Amanda Butler When I was studying literature, my professor said that a gothic novel has two common elements (there might be more but I only remember two) which are place (somewhere they traps the heroine like a cage) and the women’s virtue being threatened. I’m only a few chapters in so far, but Manderley is definitely the place that seems like it will be a gilded cage.


message 9: by Ellen (new)

Ellen | 42 comments Going right back to the beginning of the ‘Gothic’ genre and looking at books like The Mystery of Udolpho and The Castle of Otranto, women were very much portrayed as beautiful objects to acquire and stereotyped in a damsel in distress/victim type role, as dictated by the time. The gothic reflects social fears and as many social fears relate to the chastity of women and female purity, sex and gender become a fairly central point of the Gothic.
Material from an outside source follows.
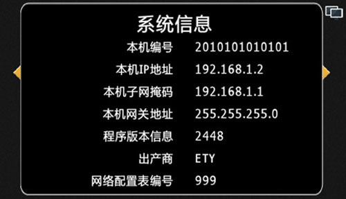 1) 可查看當(dāng)前設(shè)置的系統(tǒng)信息,包括房號,IP地址,子網(wǎng)掩碼,網(wǎng)關(guān)地址,程序版本,出場商,網(wǎng)絡(luò)配置表型號,按“*”鍵退出查看界面,界面如圖4.11.1:

This tradition makes the Gothic the perfect genre to subvert these stereotypes. However, what also makes it interesting, is by the Victorian period with books like The Woman in White and Dracula, we are starting to see more strong and independent female characters, even written by men. The term for this is the ‘New Woman’ which came about with the start of the suffrage movement. Pair this with writers like Mary Shelley and the Brontes and suddenly the representation of women in this genre gets really interesting. It allows a lot for authors to draw on, subvert and play with, and it has a richer history than many other genres.
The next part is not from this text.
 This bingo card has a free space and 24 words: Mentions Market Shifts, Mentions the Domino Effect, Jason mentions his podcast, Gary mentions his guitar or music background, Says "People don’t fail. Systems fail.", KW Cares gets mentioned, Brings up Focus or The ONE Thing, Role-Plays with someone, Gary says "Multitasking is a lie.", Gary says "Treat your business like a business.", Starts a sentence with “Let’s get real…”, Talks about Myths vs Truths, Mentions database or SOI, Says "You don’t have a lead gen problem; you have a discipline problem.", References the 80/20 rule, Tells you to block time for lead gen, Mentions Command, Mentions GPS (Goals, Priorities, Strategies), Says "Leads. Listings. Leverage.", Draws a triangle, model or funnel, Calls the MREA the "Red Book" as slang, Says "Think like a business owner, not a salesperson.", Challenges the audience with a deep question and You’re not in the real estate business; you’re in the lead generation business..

message 10: by Katelyn, Our Shared Shelf Moderator (new)

Katelyn (katelynrh) | 836 comments Mod
Amanda, I'd love to hear how those ideas resonated in your reading of the remainder of the book!

Ellen, such great points! I didn't know that there was a particular term for this phenomenon, but the subversion you describe is something I've been thinking about for awhile now.


message 11: by Rumell (new)

Rumell Khan (rkrespectedmember) Indie is a good genre for any campaign on independence.


message 12: by Sandra (new)

Sandra | 273 comments i think sci-fi, with its world-building component and the very nature of limitlessness re: time, space, worlds, galaxies, universes, and inhabitants easily lends itself to feminist ideas and ideals.